Карнаухов собирает пистолет, — у него большой, с удобной для ладони рукояткой, трофейный «вальтер», — впихивает его в кобуру.

— Ты сколько раз в госпитале лежал, Чумак?

— Три. А ты?

— Два.

— А я три. Два раза в армейских, а раз в тыловом.

Карнаухов смеется:

— А странно как то, когда назад, на фронт возвращаешься. Правда? Заново привыкать надо.

— Из армейских еще ничего, там недолго лежишь. А вот из тыловых… Из Куйбышева я ехал. Даже неловко было. Хлопнет мина, а ты на корточки.

Оба смеются, и Чумак и Карнаухов.

— Удивительная вот штука, товарищ лейтенант, — говорит Карнаухов, вытирая замасленные руки прямо о ватные штаны, — когда сидишь в окопах, так, кажется, ничего нет лучше и спокойнее твоей землянки. Наше КП батальонное совсем уже тыл.

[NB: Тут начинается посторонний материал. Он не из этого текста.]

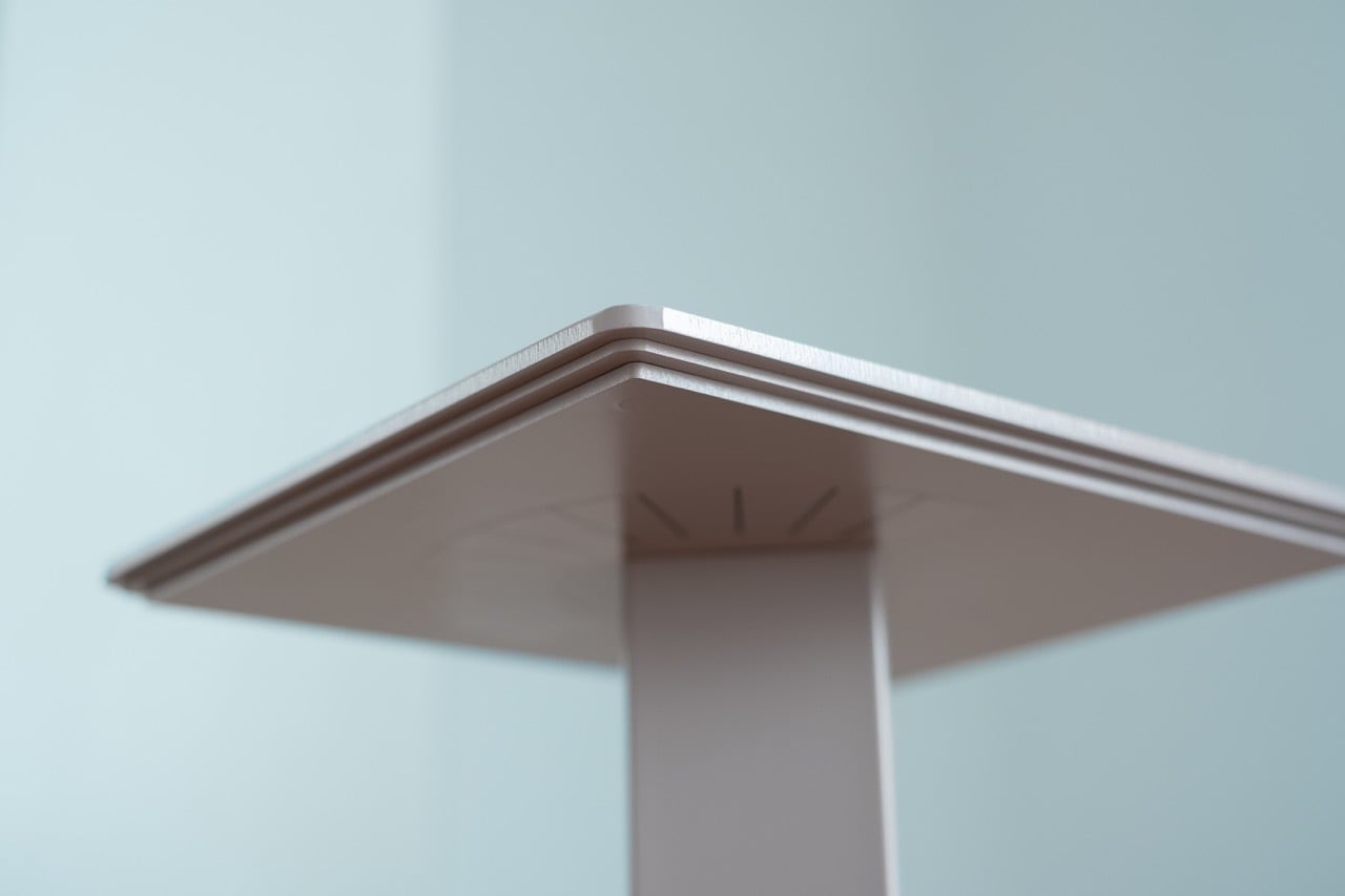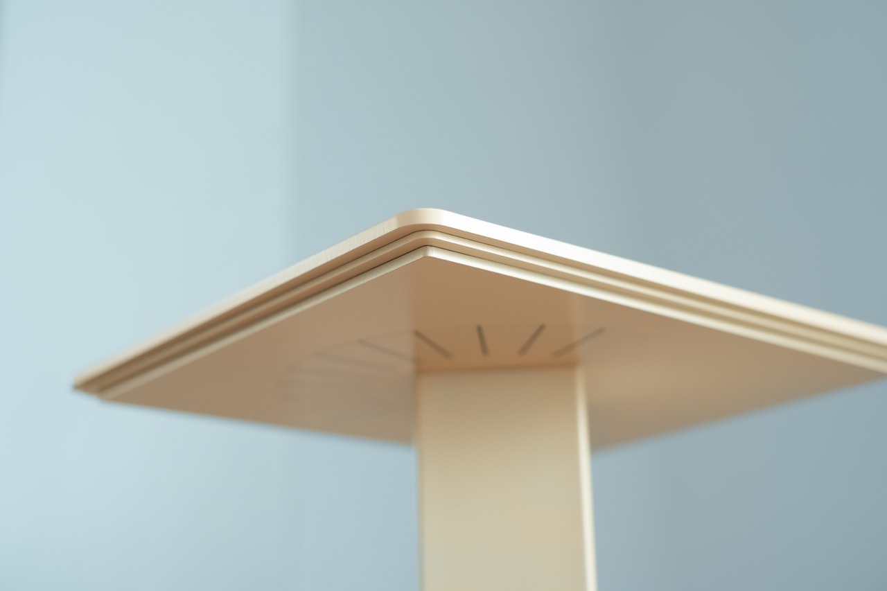 ✔︎従来のMSTP-SシリーズではなかったR処理、ドリス式柱に着想を得た三層段差鉄板天板のヴィンテージライクなデザイン
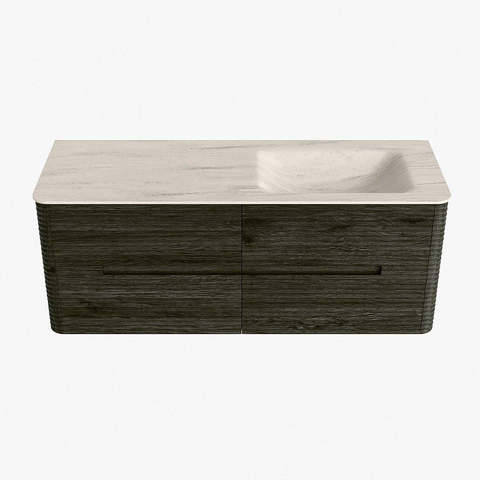 Mondiaz CIRO-DLUX Ensemble meuble de salle de bains - 130x45x50cm - Vasque solid surface Meli - 1 vasque à droite - sans trous de robinet - 4 tiroirs - Shadow

А полковое или дивизионное… Бойцы так и называют всех, кто на берегу живет, тыловиками.

— А таких ты не видал, — перебивает Чумак; он вообще не может молча сидеть, — что за сто километров от передовой сидят, а в грудь себя кулаком бьют — фронтовики, мол? У нас вот в госпитале был один…

Он вдруг останавливается, и глаза его застывают на двери.

— Ты откуда это?

Карнаухов тоже смотрит на дверь.

Валега… Самый настоящий Валега — головастый, крутолобый, в неимоверных башмаках своих с загнутыми носками. Стоит в дверях. В шинели, кажется моей, до самых пят. Мнется.

— Ты откуда взялся, Валега?

— Оттуда… От нас…

Неловко козыряет. Это у него всегда плохо получается. Снимает из-за спины мешок…

— Тушенку принес, шинель…

— Ты с ума спятил?

— Зачем спятил? Вовсе не спятил. Вот и записка вам.

— От кого?

— Харламов дали, начальник штаба.

— Это он тебя и послал?
— Вовсе не он. Я сам пришел… — Валега вынимает из мешка консервные банки и две буханки хлеба. — Я мешок укладывал, а они с тем, что из штаба полка, чего то толковали, с вами связаться, говорили, надо. Я и сказал, что иду как раз к вам. Они тут стали что то искать, потом эту записку дали.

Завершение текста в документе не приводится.